Kesinlikle koşulsuz sevebilirsiniz. Bunun için sevginin duygudan farklı, kapsayıcı bir anlayış hali olduğunu fark etmek gerekir. Sevgide duygu yoktur. Sevgi birleştiricidir ve limitsizdir. Duygular ise varlığı deneyim sahasına çeken ve bu yolla deneyimlenen yaşam örüntüsünün algılanarak saf bir anlayışın açığa çıkmasını sağlayan yönlendirici, limitli, imgesel tesir öbekleridir. Bu tesirlerin kabulü ve ayrıştırılmadan içselleştirilmesi ise varlığı sevgiye eriştirir. Bu, aynı zamanda zekanın yüksek anlayış biçimlerinde belirmesi ve vicdanın, yani ruhsal kudretin açığa çıkmasıdır. Bir çoğumuz sevme yeteneğimizi duygusal kodların yoğunluğuna göre belirleme eğilimindeyiz. Ancak sevginin, maddesel karakter taşıyan duyguların da üstünde; odaklanma halinde ve neden sonuç ilişkisi geliştirilerek, maddeye hakim konuma gelmekle kazanılan idrakte olduğunu anlamak gerekir. Dolayısıyla, kendi sınırsızlığını keşfederek idrakini artırabilen bir varlığın, sevgisinin sınırlarını ve koşullarını belirlemesi yine kendi elindedir.
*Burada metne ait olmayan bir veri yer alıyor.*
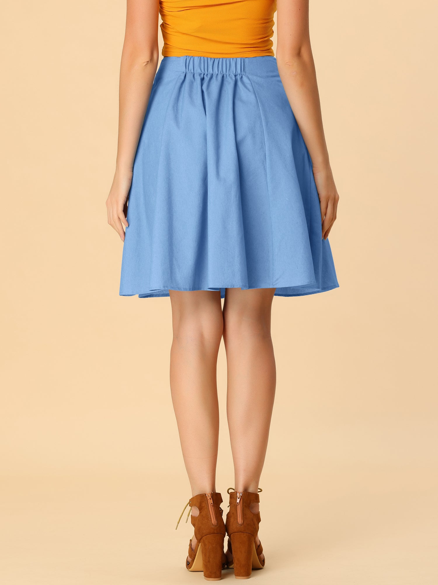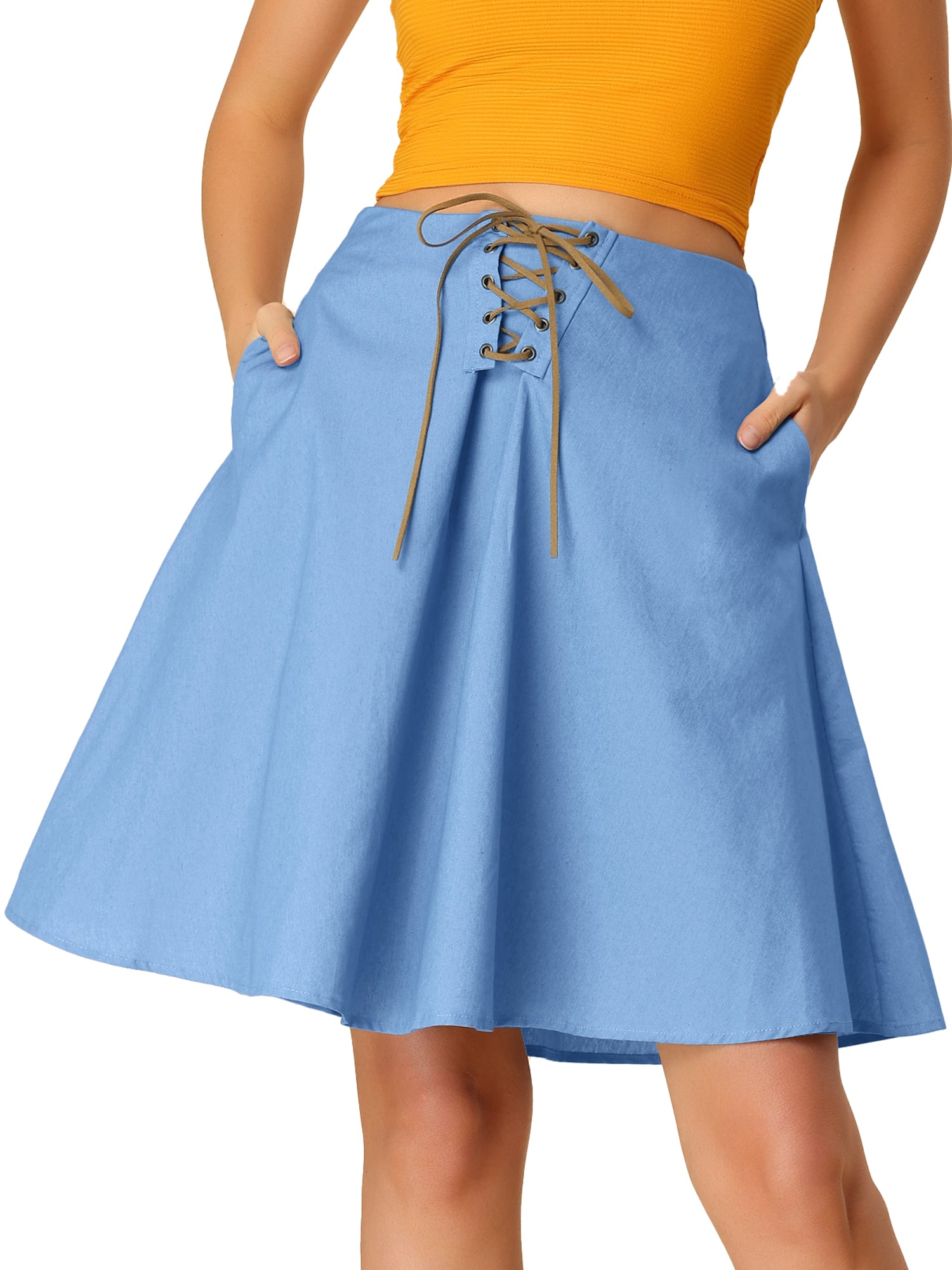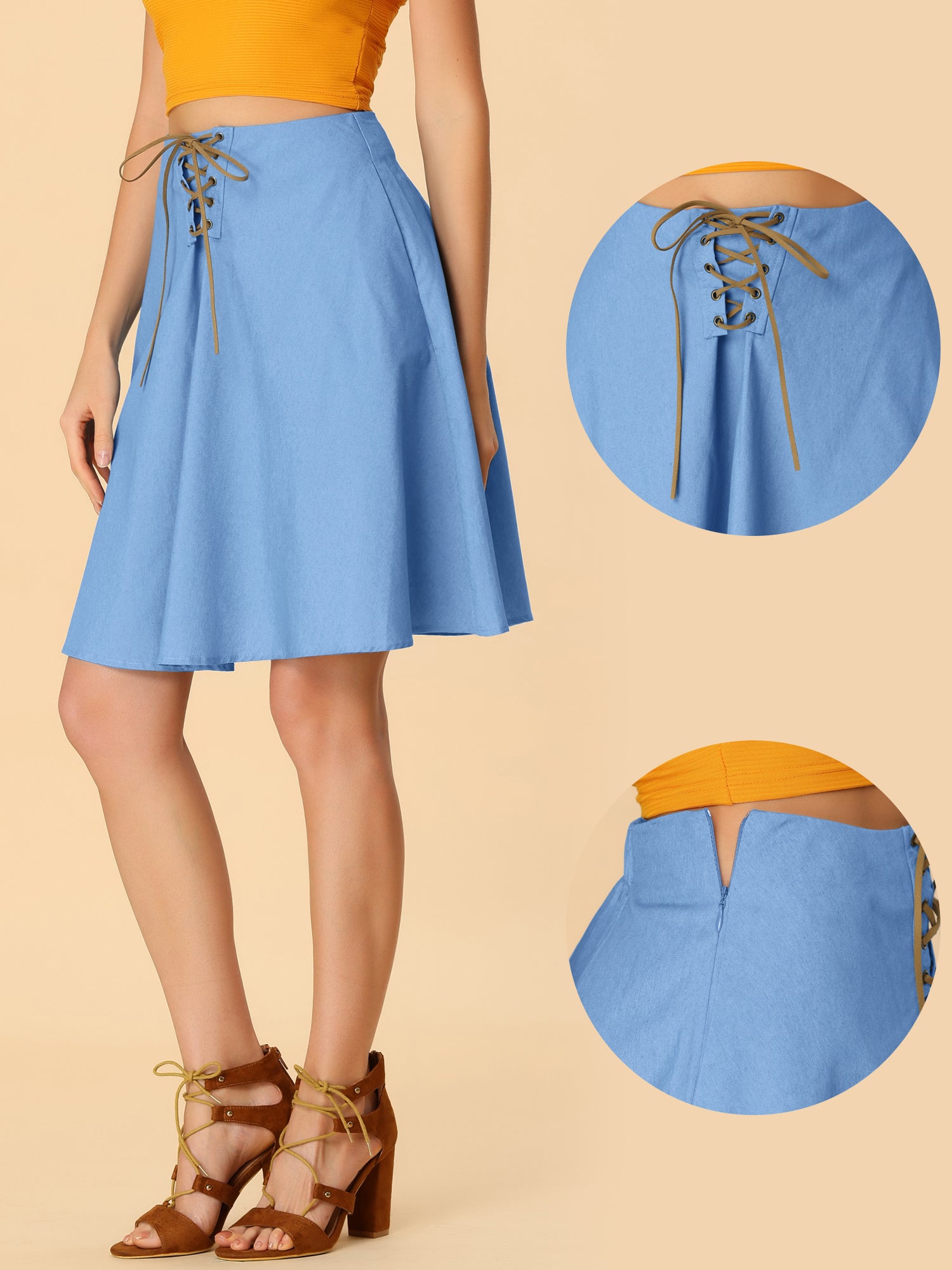 Falda vaquera de mujer con cordones y corte cambray hasta la rodilla

Sevginin bir koşula bağlı olması, mevcut yaklaşımın egosantrik ve henüz duygusal bağlamda kalmasından ötürüdür. Koşullanmayı meydana getiren limitli anlayışlar, henüz yeterince tezahür ettirilemeyen ruhsal kudretin işaretidir. 
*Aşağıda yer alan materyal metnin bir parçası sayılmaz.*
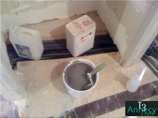 Je plaque les gaînes au sol avec des objets lourds, avant de couler le ciment.
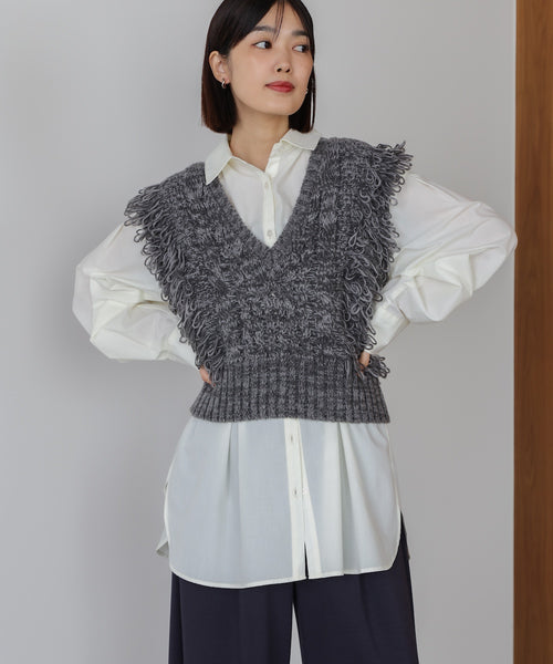 ループフリンジとケーブル編みが存在感を放つ、旬なデザインのニットベスト。Vネックと短丈シルエットで、ニットでもすっきり細見えするのが魅力です。ウエスト部分は長めのリブ仕様で自然にスタイルアップが叶い、ハイウエストのボトムやワンピースにも好相性。 シャツやカットソーとレイヤードするだけで今っぽく仕上がります。
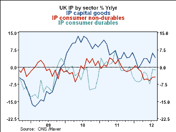 Germany remains the most competitive country in Europe. It has a huge price advantage on trade within the Zone even as Zone growth withers. Meanwhile, outside the zone, there is a pronounced slowdown in the making. Seeing output rise against the trend in orders suggests that there is some short term event in play that will have not follow through. The orders series does a good job over time in tracking the output series. The longer the period, the better it does. Over three months the orders series predicts 36% of the variance in output, over six months that rises to half the variance and over twelve months it rises further to 78% of the variance. And if we lead the orders series by three months the 12-monh prediction rises to 92% of the variance in MFG output.

Maddeye hakim olmak için dünya okulunun derslerini aldığımızı söyleyip duruyoruz. Buradaki hakimiyet kavramı, zihin yoluyla bir boyut içerisine yönlendirilen imajlar ve bu imajlardan ötürü meydana çıkan duygu ve düşüncelere, aynı zamanda bunlardan ötürü meydana gelen realitelere hakim olabilmek ile ilgilidir. Bu hakimiyet, varlığın gelişmişliği ile orantılı olarak değişir ve her realite geçişinde idrakle birlikte yükselen anlayışlarda varlığı hakikate ulaştırır.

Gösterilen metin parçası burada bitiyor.